S: What are some of the top things that you look for when trying out a new technology solution and determining whether to add it to your stack?

MG: Ultimately, I look for two things. The first is ease of use — how is clear the UX/UI and how well does it function? The second is the output of the tool. If I’m trying out a data solution, for example, I will ask it something I already know the answer to and see how thorough and accurate the output is. I’ll kick it around for thirty minutes or so, and if it’s able to meet those two criteria, then I will spend more time with and seriously consider it.

S: How do you know when it’s time to retire or replace a tool in your current stack? What are the signs?

MG: Ultimately, you have to look at what people are using the most and what’s adding the most value for your team. There are so many point solutions out there, but is it really worth paying thousands of dollars for something that solves such a small part of the equation when you’re getting more value elsewhere?

It also depends on switching costs. Some tools are a lot harder to replace than others. And last but not least, I would say that the tools that integrate and work well with one another are usually keepers because it’s rare to find tools that communicate well with each other and really streamline operations for you.

S: Are there any new or upcoming technologies that you are particularly interested in and excited about outside of GenAI?

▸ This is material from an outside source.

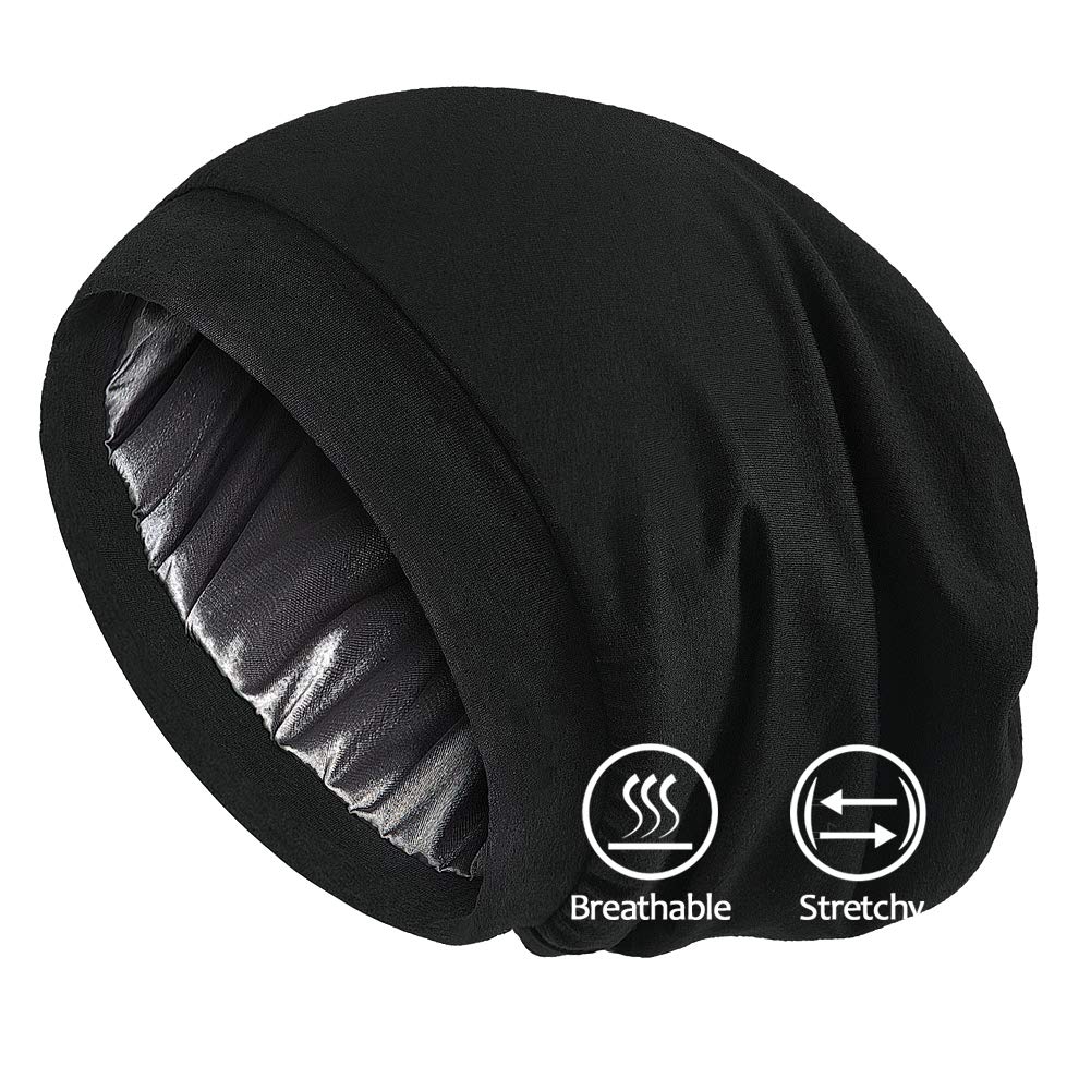 - GREAT FOR ALL HAIRSTYLES. Stretchy elastic and baggy material make the hat fit snugly. Perfect gift for men and women with frizzy hair, natural hair, long curly hair or short hair. Suitable for chemo patients with hair loss as well.

MG: It’s interesting because in my opinion, most tools that claim to be AI have really offered something more akin to automation than genuine AI. To me, true GenAI is much more prescriptive and learns your individual habits and needs over time, it can predict what you want and make tailored recommendations. It still feels a million miles away, but I do think the technology is there. Vendors just need to find a way to productize it. And that’s what I’m truly excited about.